Abstract: Protein arginine methyltransferase 5 (PRMT5) is a type II arginine methyltransferase that can catalyze symmetric dimethylation of arginine residues in histones and non-histone protein substrates. Although most of earlier studies were focused on the biochemical and structural characterization of PRMT5, recent evidence has shown that PRMT5 may function as an oncogene in multiple human cancers via both epigenetic and non-epigenetic mechanisms. I will introduce recent progress in our understanding of how PRMT5 functions in human cancers along with our novel discoveries in prostate cancer. I will also discuss how PRMT5-interacting proteins that are considered PRMT5 cofactors may cooperate with PRMT5 to regulate PRMT5 activity and target gene expression, and how PRMT5 can interact with other epigenetic regulators implicated in the development and progression of prostate and other cancers. Finally, I will discuss the current status of therapeutic development targeting PRMT5 as a novel cancer treatment approach.
Keynote Speaker II
Prof. Walter Herzog
University of Calgary, Canada
Dr. Herzog did his undergraduate training in Physical Education at the Federal Technical Institute in Zurich, Switzerland (1979), completed his doctoral research in Biomechanics at the University of Iowa (USA) in 1985, and completed postdoctoral fellowships in Neuroscience and Biomechanics in Calgary, Canada in 1987. Currently, Dr. Herzog is a Professor of Biomechanics with appointments in Kinesiology, Medicine, Engineering, and Veterinary Medicine, holds the Canada Research Chair for Cellular and Molecular Biomechanics, and is appointed the Killam Memorial Chair for Inter-Disciplinary Research at the University of Calgary. His research interests are in musculoskeletal biomechanics with emphasis on mechanisms of muscle contraction focusing on the role of the structural protein titin, and the biomechanics of joints focusing on mechanisms of onset and progression of osteoarthritis. Dr. Herzog is the recipient of the Borelli Award from the American Society of Biomechanics, the Career Award from the Canadian Society for Biomechanics, the Dyson Award from the International Society of Biomechanics in Sports, the Muybridge Award from the International Society of Biomechanics, and recently received the Killam Prize in Engineering from the Canada Council for the Arts for his contributions to Biomedical research. He is the past president of the International, American and Canadian Societies for Biomechanics. He was inducted into the Royal Society of Canada in 2013.

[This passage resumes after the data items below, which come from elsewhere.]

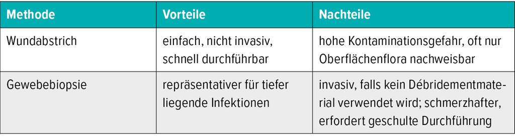 Die Wahl der Probennahme beeinflusst maßgeblich die Qualität der mikrobiologischen Diagnostik. Dabei werden häufig Wundabstriche, selten Gewebebiopsien verwendet (Tab.1). Während der Wundabstrich häufig in der Routine eingesetzt wird, liefert die Gewebebiopsie aussagekräftigere Ergebnisse, insbesondere bei tiefen oder chronischen Wundinfektionen.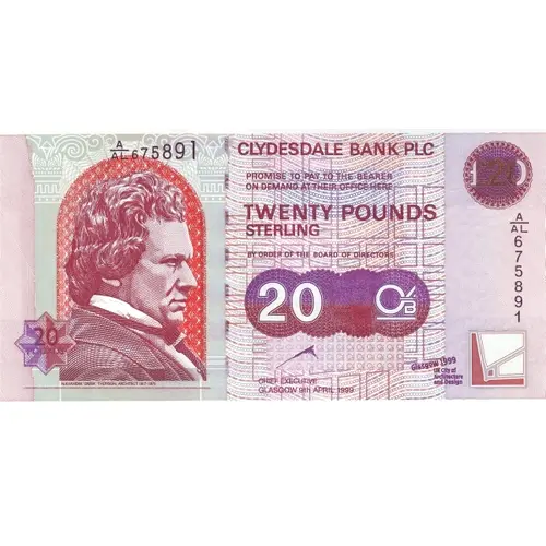 | Obverse lettering | Clydesdale Bank PLC Promise to pay the bearer on demand at their office here Twenty Pounds Sterling by order of the Board of Directors |
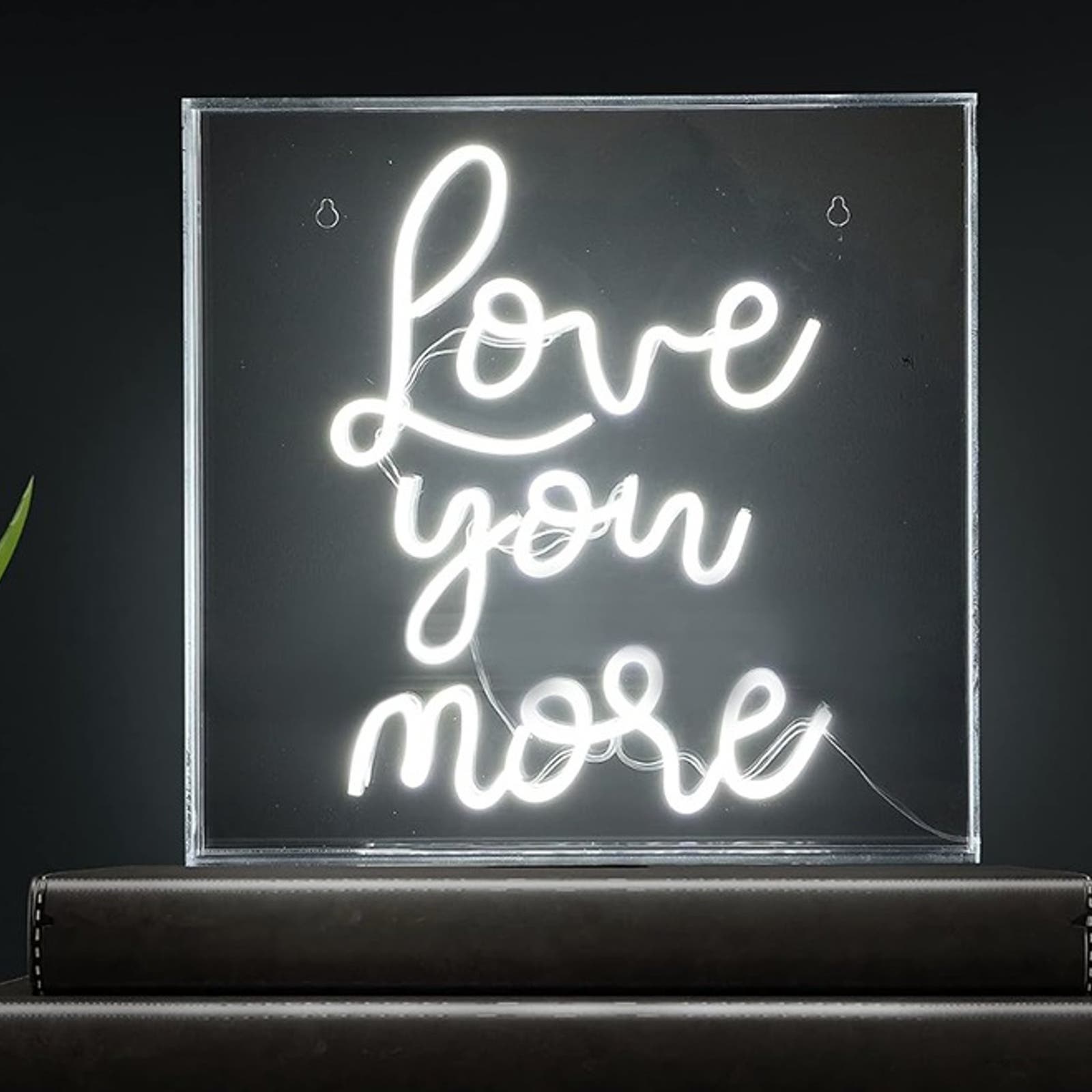 Elevate your space with the heartfelt charm of our Lovely Bright White 'Love You More' LED Night Light! This enchanting decor piece features the endearing phrase 'Love You More,' radiating a warm and inviting glow that adds a touch of love and positivity to any room.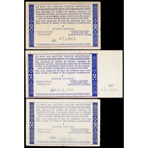FRANCE - FRANCE Lot (3) - Bon de solidarité de 2 francs (var. “Comité national”) ND (1941).…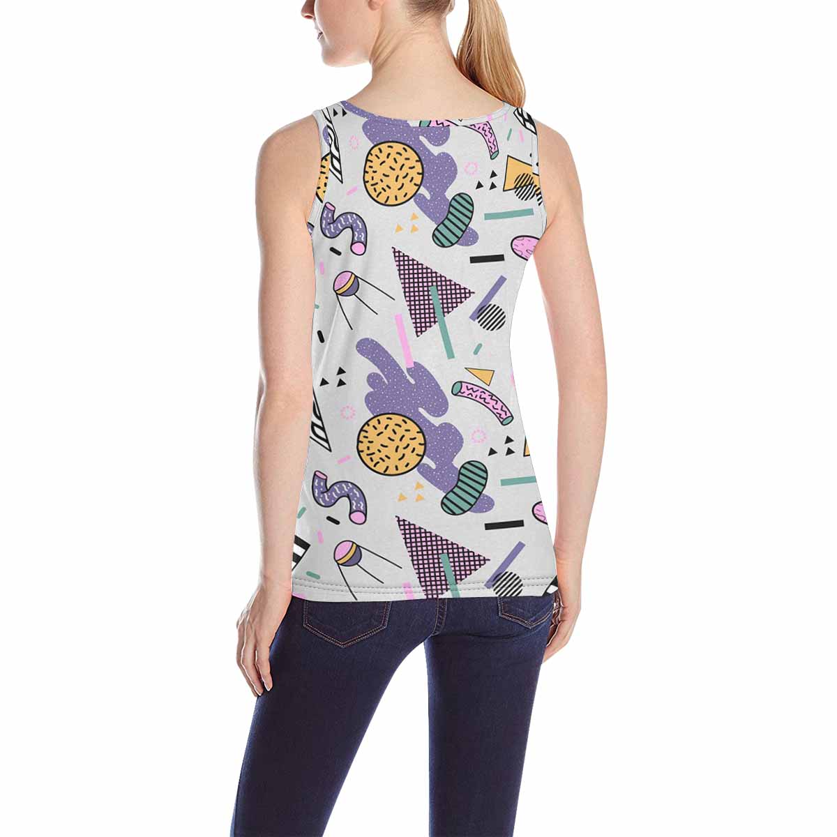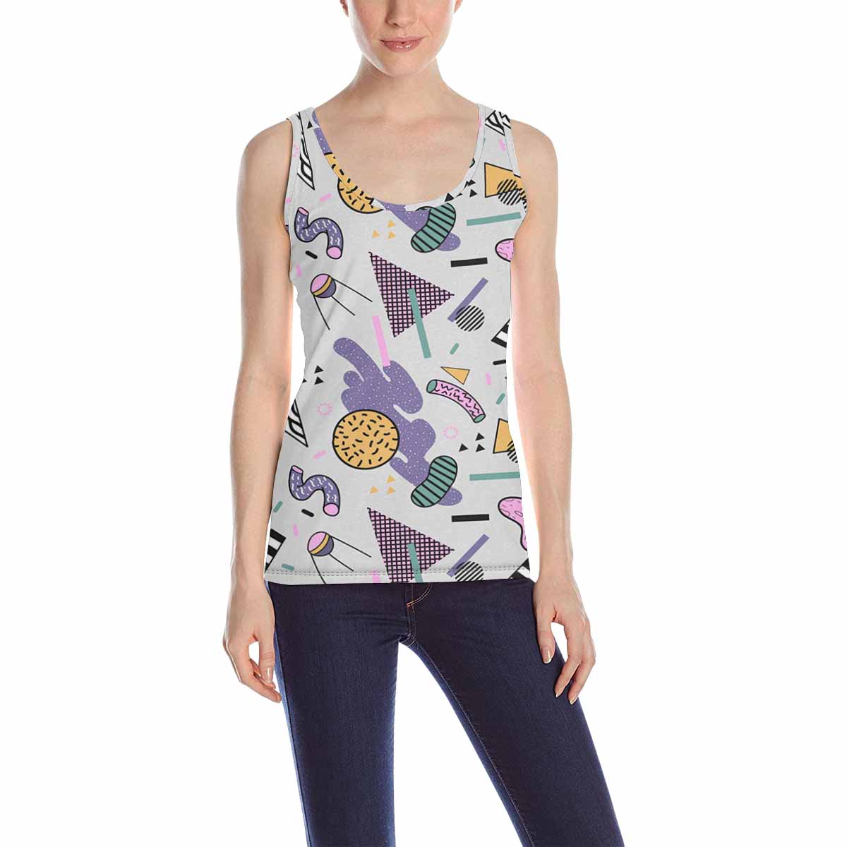 Women's Tank Top print with Abstract Trendy Memphis pattern

Speech Title: "Recent Observations on the Molecular Mechanisms of Muscle Contraction"
Abstract: Eccentric muscle contractions are not well captured by the cross-bridge theory of muscle contraction. Specifically, the permanent extra force obtained after stretching an active muscle cannot be explained with current thinking. We discovered that aside from the contractile proteins, actin and myosin, the filamentous protein titin is also involved in active force regulation. Using genetic modifications of titin, anti-body labeling of titin within myofibrils, and first ever mechanical measurements on mechanically isolated sarcomeres, we identified how titin functions in situ in skeletal and cardiac muscles. We found that elongation of titin in active and passive muscle differ. In passive muscle, the entire filament is elongating upon muscle stretching, while in active muscle only the distal elements elongate; the proximal segments remain at a constant length. Furthermore, genetic deletion of the N2A segment changes titin’s in situ function dramatically. Finally, titin works similarly in cardiac and skeletal muscle, despite vastly different isoforms and reports in the literature to the contrary. We conclude that titin is responsible for the extra permanent force following elongation of active muscles in cardiac and skeletal tissues and suggest that titin does this by binding its proximal segments to actin upon muscle activation.